OH MY GAWD, WOMAN! You're "going away" for two nights 45 minutes from home, and you're packing and planning and acting like you're sailing off to Timbuktu. STOP ALREADY!
I'm a bit excited about this weekend. We have some fabulous new experiences planned, and of course there is just staying at the resort. This is a Disney "moderate" resort, not the Grand Floridian or the Animal Kingdom Lodge, and we got a discount room rate, and it gets "mixed" reviews on Trip Advisor. Most people sing its praises, and most of the negative reviews are written by...how can I put this? Assholes. They didn't like the food choices at the Pepper Market so they give the whole place one star. The tile in the bathroom "looks dated." Stuff like that. Some of the negative reviews are downright hilarious. Like the Canadian woman who learned there was an alligator in the lagoon and saw a palmetto bug in her room as she was checking out (Florida has alligators and palmetto bugs and Disney doesn't actually have any pixie dust that can direct them off the property; the bug probably wandered in while they were getting their stuff packed up and left the door open). She threw a melodramatic fit all over TripAdvisor! She was going to DIE, attacked by an alligator! She was TERRIFIED!! Nobody told her her life would be in DANGER, and on and on. When the front desk clerk at checkout gently said, "Yes ma'am, this is Florida," and didn't give her a discount for her trauma of VISITING FLORIDA and being TOLD there was an alligator in the water, she proceeded to crap all over the resort in an unintentionally hilarious review. She must be a delight to live with.
I am not put off by an alligator in the lagoon, nor am I bothered by the people who bitch that the decor looks "dated," or any of the other one star whines. The biggest complaint is that OMG, it's so BIG, you have to WALK SO MUCH! Honey, if you're whining about walking to your room at the resort, the parks are gonna kill your lazy ass. It's Disney. You walk. A lot. You sweat. A lot. Whining about walking at Disney is like whining about...alligators in every body of water in Florida. I work in a neat, manicured, suburban office park. We have an alligator in the office park lake. The alligator in the Coronado Springs Resort lagoon thinks that woman was a hysterical idiot and is glad the front desk didn't pander to her obvious trolling for a discount.
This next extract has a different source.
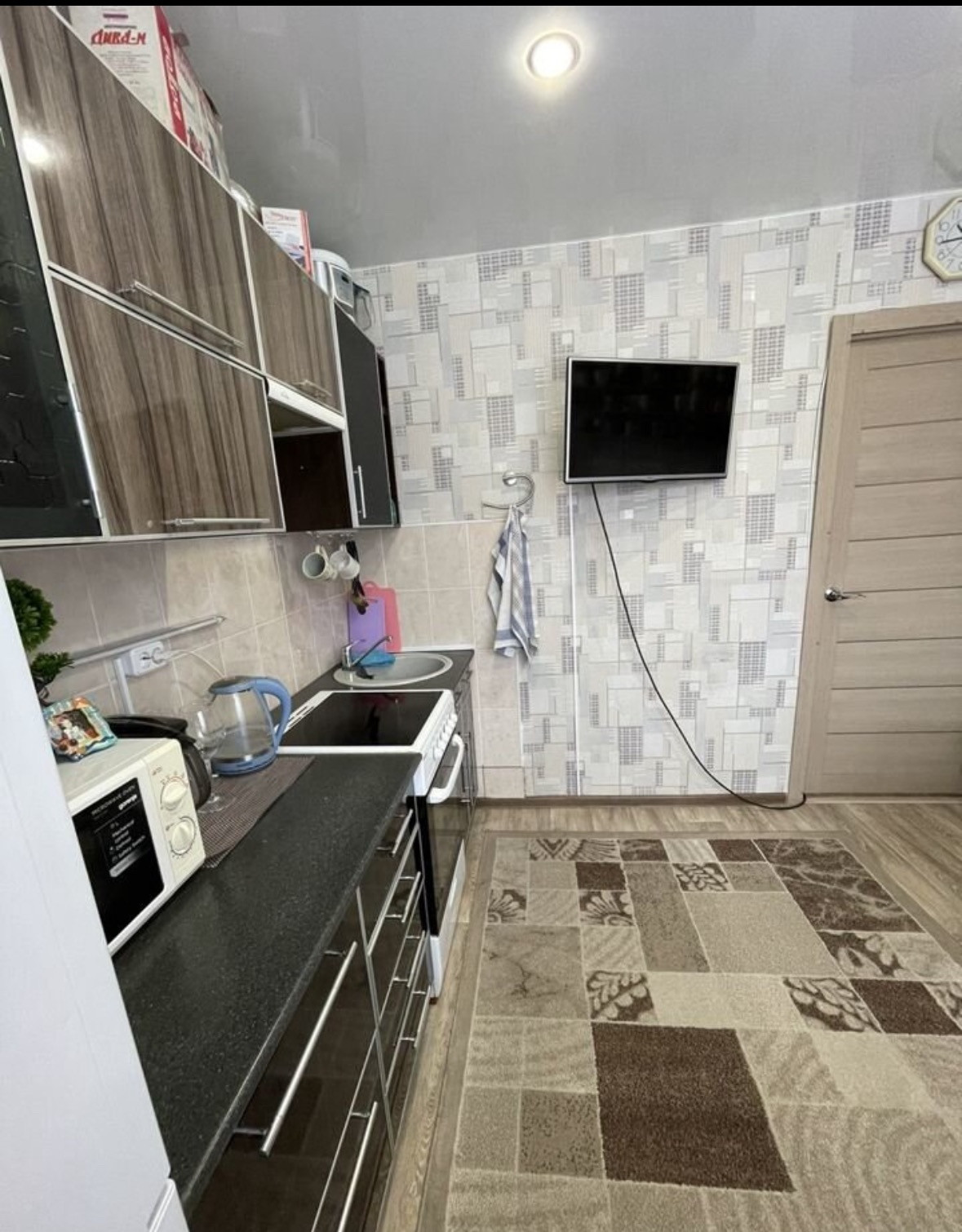 Остаётся вся кухня, плита, вытяжка!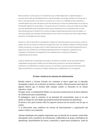El documento discute el papel del tutor en entornos de educación virtual. Explica que el tutor debe desempeñar roles social, pedagógico, técnico y de dirección. También debe desarrollar funciones como orientador, organizador y supervisor académico. El tutor requiere competencias pedagógicas, técnicas y de organización para guiar efectivamente a los estudiantes a través del curso virtual.

The people who like the resort sound a lot more fun. They rave about the lush landscaping and the pool and the poolside games for the kids, and the playground designed like an Mayan archaeological dig, and apparently there's a bartender named Jesus who makes a fabulous margarita. I plan to make it my mission to meet this god of margaritas.
I am not bringing my wee little laptop with me on this trip. I will have my camera and my iPhone so of course I'll be connected to the world, but I do want to take these two nights and three days to unplug from reality as much as I can, and immerse myself in Disney magic and the resort experiences and many, many margaritas.
I'm off to launder and pack and write neurotic dog mom instructions to Sophie's sitter. I'll check in here with far too many photos probably next Tuesday. I suspect I'll be too exhausted Monday night.